Exercise prompt >> In the records below, print each line exactly and leave every image out.

Dataset excerpts >>
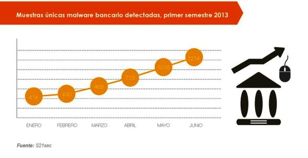 En cuanto al malware bancario detectado por S21sec, que se ha triplicado en el primer semestre de 2013, expertos de esta firma experta en seguridad especifican que, “a pesar del relativo estancamiento que se produjo en 2012, parece que los creadores de malware han decidido recuperar el tiempo perdido, y en este semestre hemos detectado y analizado más de dos millones de troyanos y cerca de 135.000 muestras de malware bancario”.
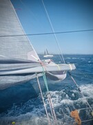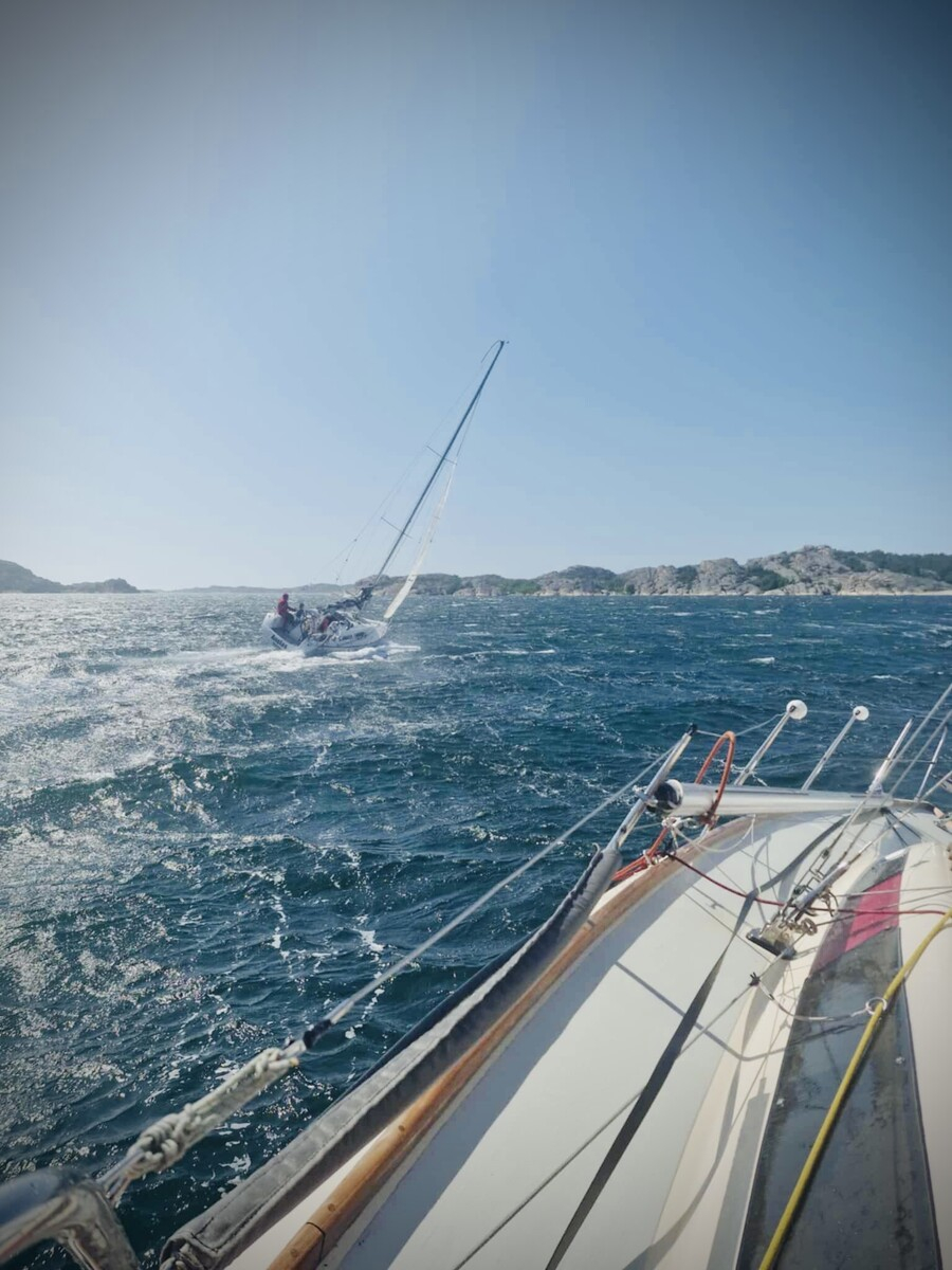 Bohusracet 2025 – när vi kryssar ut på Stigfjorden i ordentligt hård vind.
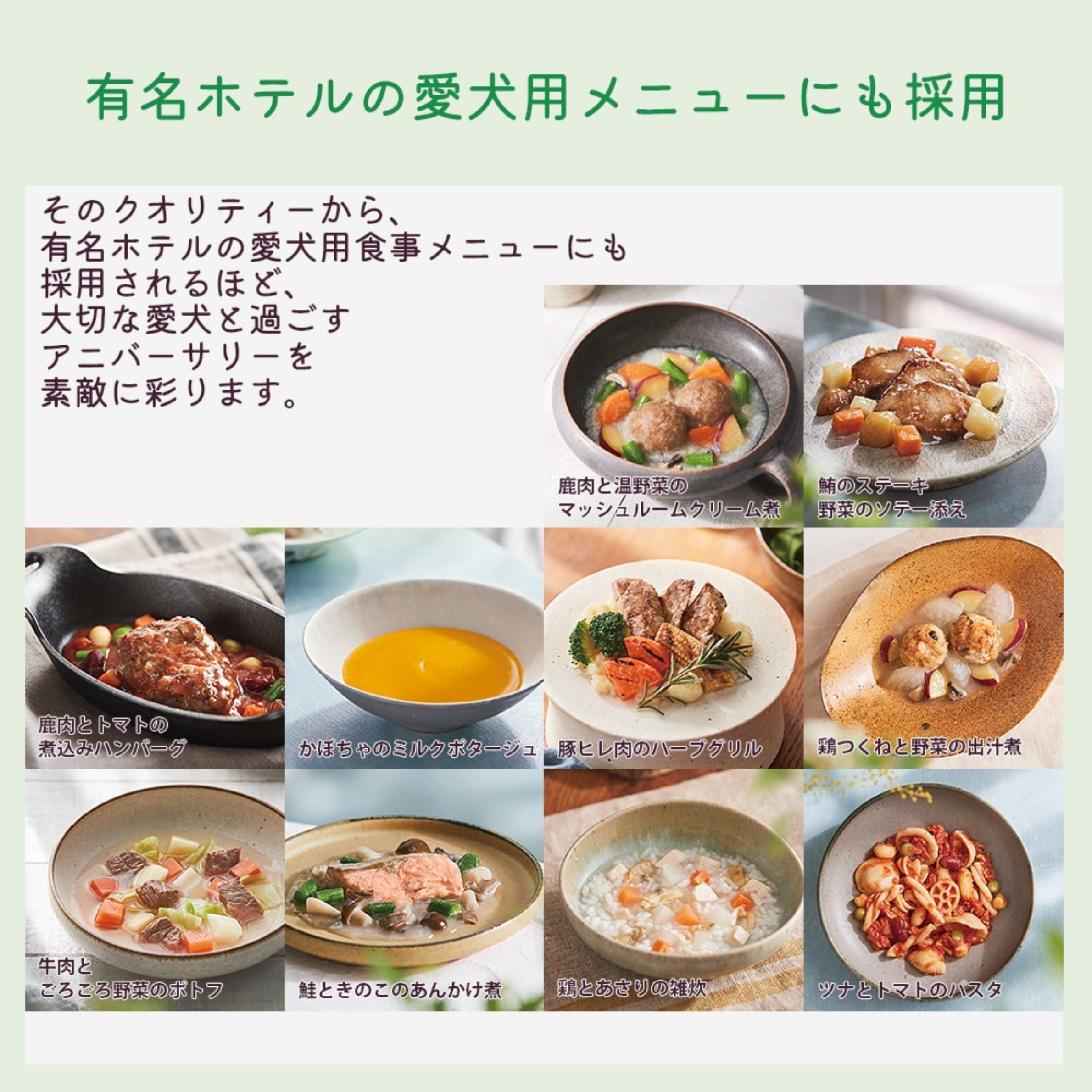 人の料理と向き合い、作り続けてきたシェフだからこそ、 品位高く、彩り豊かなお惣菜に仕上がりました。【食事からの水分補給に】最近は食材や食感を考慮しながら、愛犬の食事を手作りしている飼い主様が増えてきました。しかし市販のおやつは乾燥品が多く、外出時に水分補給がうまくできないこともあります。本品は食事としてはもちろん、外出時の水分補給にもご活用いただけます。
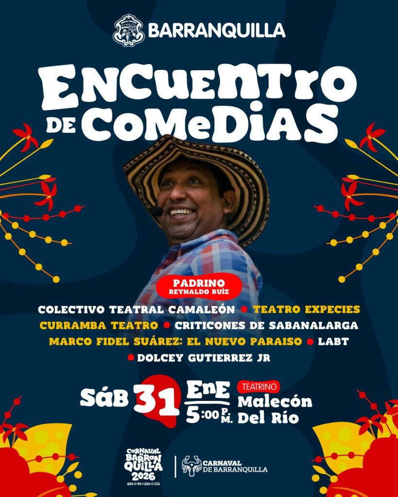 Al caer la tarde del sábado, exactamente a las 5:00 p. m., el tono cambiará hacia las artes escénicas. El Encuentro de Comedias contará con colectivos como Camaleón y Curramba Teatro, apadrinados por el cuentero Reinaldo Ruiz. Esta jornada, que rescata la tradición oral y la sátira barranquillera, cerrará con broche de oro gracias a la presentación musical de Dolcey Miguel Gutiérrez.
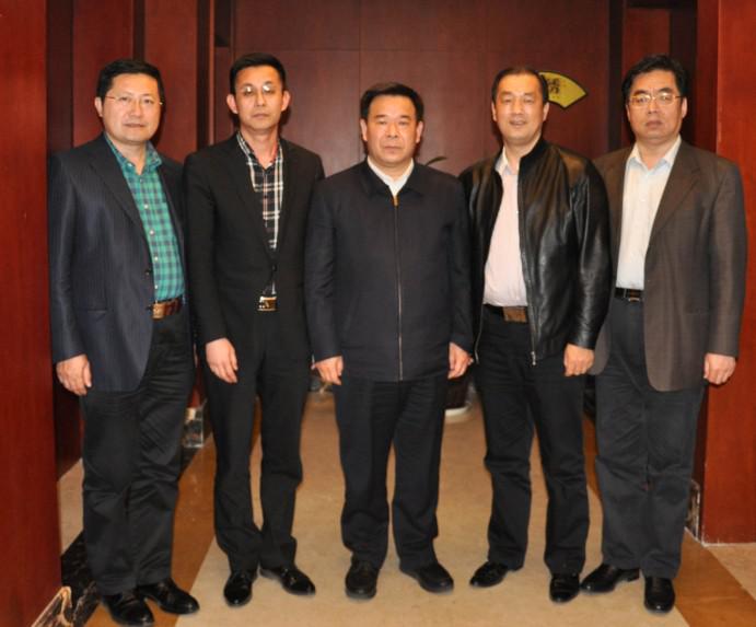 劉曙光市長(中)、政協(xié)副主席兼經(jīng)信委主任李傳恒(右一)與秘書長伍柳江、副秘書長曲向東、常務(wù)理事扈洪升合影留念
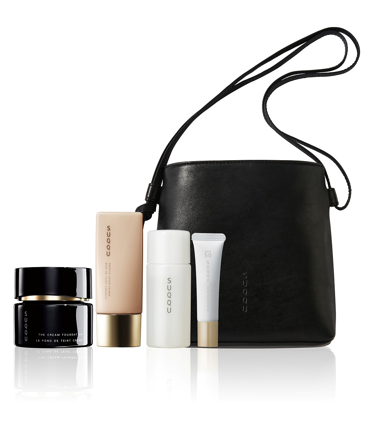 Suqqu將熱銷的粉霜和今年4月全新上市的采柔肌粧前乳組合,搭配使用就能打造宛如天生好膚質般的細緻陶瓷肌,還可以獲得簡約質感側背包。
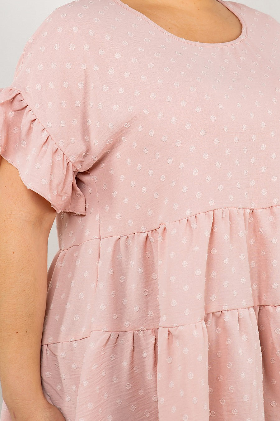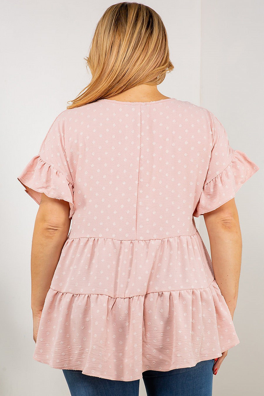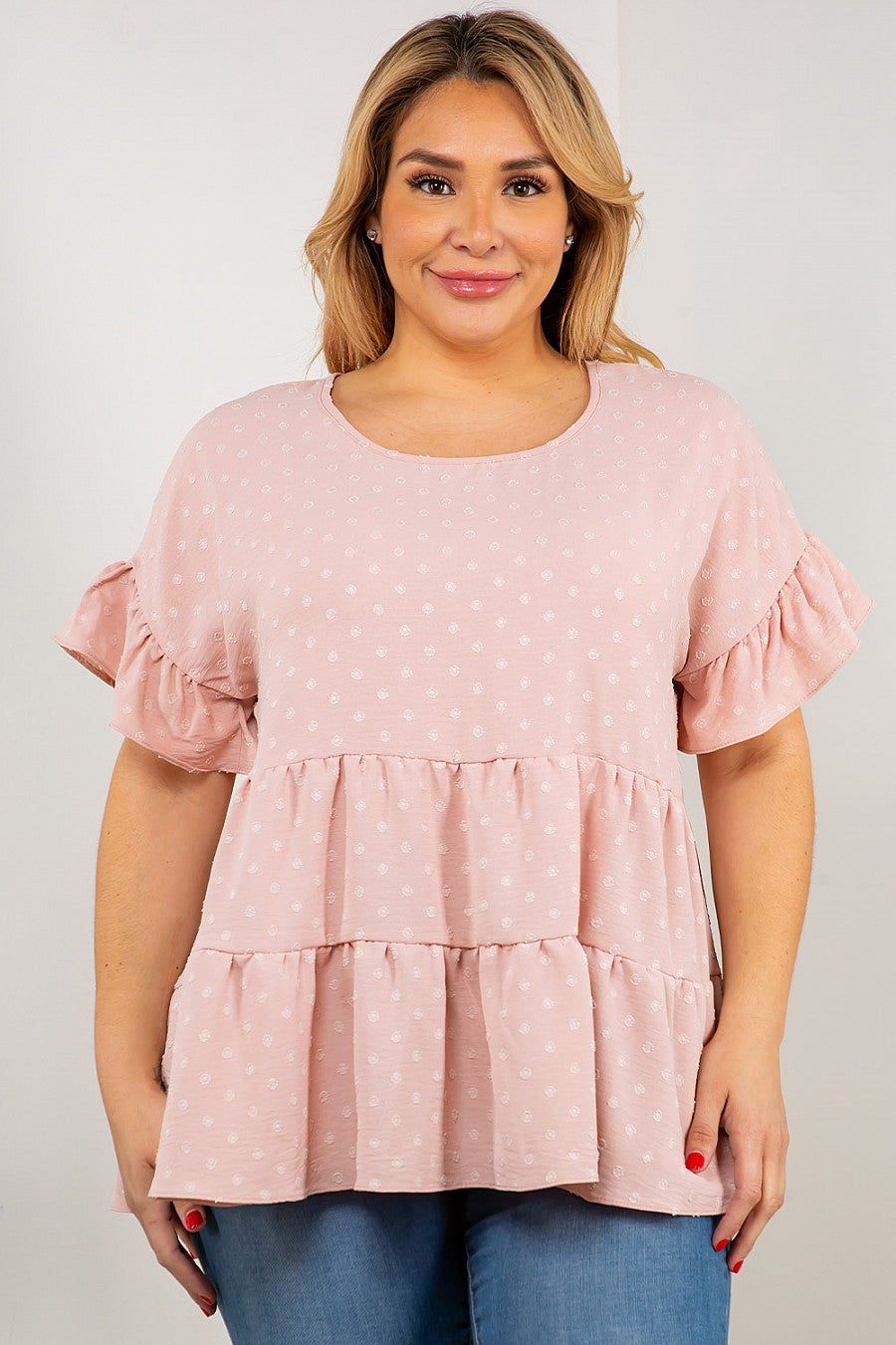 Regular price $55.20This Baby Pink Multi Tier Short Sleeve Top features dot ruffle sleeves and a multi-tiered design, making it a playful and eye-catching addition to any wardrobe. Perfect for adding a touch of fun and flair to any outfit, this top is sure to make a statement and turn heads.
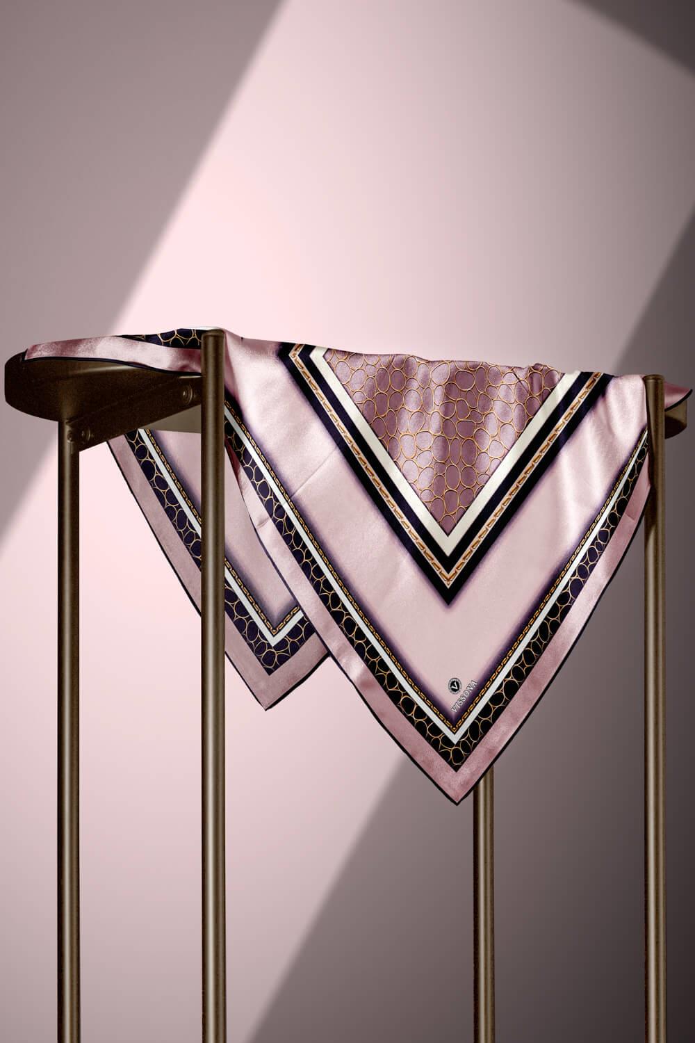 %100 Twill İpek Gold Halka Desenli Pudra - Siyah Renkli 90x90 Eşarp Dikim Şekli : El Dikişi (17147-6)
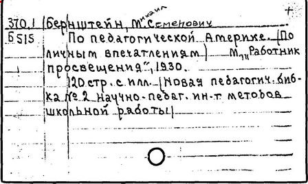 российский педагог и психолог. Окончил физико-математический факультет Московского государственного университета и Высшие научно-педагогические курсы. С 1930 г. – профессор, заведующий методологическим бюро Академии коммунистического воспитания им. Н. К. Крупской и заведующий отделом в центральной лаборатории по профориентации Института труда. С 1935 г. Бернштейн заведовал кафедрой психологии Томского педагогического института. В 1943 – 1948 гг. – старший научный сотрудник Научно-исследовательского института теории и истории педагогики Академии педагогических наук РСФСР. Основное направление научной деятельности Бернштейна – исследование и критический анализ зарубежной педагогики и педагогической психологии. Им написаны книги и статьи по проблемам становления советской школы: «Наша современность и дети» (1926 г.), «Домашний труд детей и школа» (1927 г.) и др. С 1950 г. Бернштейн занимался литературной работой. В последние годы исследовал проблемы психологии научного творчества, социальной и дифференцированной психологии, опубликовал монографии: «Психология научного творчества» (1965 г.), «Индивидуальный характер усвоения и индивидуализация обучения» (1975 г.).

Response >>
 En cuanto al malware bancario detectado por S21sec, que se ha triplicado en el primer semestre de 2013, expertos de esta firma experta en seguridad especifican que, “a pesar del relativo estancamiento que se produjo en 2012, parece que los creadores de malware han decidido recuperar el tiempo perdido, y en este semestre hemos detectado y analizado más de dos millones de troyanos y cerca de 135.000 muestras de malware bancario”.
 Bohusracet 2025 – när vi kryssar ut på Stigfjorden i ordentligt hård vind.
 人の料理と向き合い、作り続けてきたシェフだからこそ、 品位高く、彩り豊かなお惣菜に仕上がりました。【食事からの水分補給に】最近は食材や食感を考慮しながら、愛犬の食事を手作りしている飼い主様が増えてきました。しかし市販のおやつは乾燥品が多く、外出時に水分補給がうまくできないこともあります。本品は食事としてはもちろん、外出時の水分補給にもご活用いただけます。
 Al caer la tarde del sábado, exactamente a las 5:00 p. m., el tono cambiará hacia las artes escénicas. El Encuentro de Comedias contará con colectivos como Camaleón y Curramba Teatro, apadrinados por el cuentero Reinaldo Ruiz. Esta jornada, que rescata la tradición oral y la sátira barranquillera, cerrará con broche de oro gracias a la presentación musical de Dolcey Miguel Gutiérrez.
 劉曙光市長(中)、政協(xié)副主席兼經(jīng)信委主任李傳恒(右一)與秘書長伍柳江、副秘書長曲向東、常務(wù)理事扈洪升合影留念
 Suqqu將熱銷的粉霜和今年4月全新上市的采柔肌粧前乳組合,搭配使用就能打造宛如天生好膚質般的細緻陶瓷肌,還可以獲得簡約質感側背包。
 Regular price $55.20This Baby Pink Multi Tier Short Sleeve Top features dot ruffle sleeves and a multi-tiered design, making it a playful and eye-catching addition to any wardrobe. Perfect for adding a touch of fun and flair to any outfit, this top is sure to make a statement and turn heads.
 %100 Twill İpek Gold Halka Desenli Pudra - Siyah Renkli 90x90 Eşarp Dikim Şekli : El Dikişi (17147-6)
 российский педагог и психолог. Окончил физико-математический факультет Московского государственного университета и Высшие научно-педагогические курсы. С 1930 г. – профессор, заведующий методологическим бюро Академии коммунистического воспитания им. Н. К. Крупской и заведующий отделом в центральной лаборатории по профориентации Института труда. С 1935 г. Бернштейн заведовал кафедрой психологии Томского педагогического института. В 1943 – 1948 гг. – старший научный сотрудник Научно-исследовательского института теории и истории педагогики Академии педагогических наук РСФСР. Основное направление научной деятельности Бернштейна – исследование и критический анализ зарубежной педагогики и педагогической психологии. Им написаны книги и статьи по проблемам становления советской школы: «Наша современность и дети» (1926 г.), «Домашний труд детей и школа» (1927 г.) и др. С 1950 г. Бернштейн занимался литературной работой. В последние годы исследовал проблемы психологии научного творчества, социальной и дифференцированной психологии, опубликовал монографии: «Психология научного творчества» (1965 г.), «Индивидуальный характер усвоения и индивидуализация обучения» (1975 г.).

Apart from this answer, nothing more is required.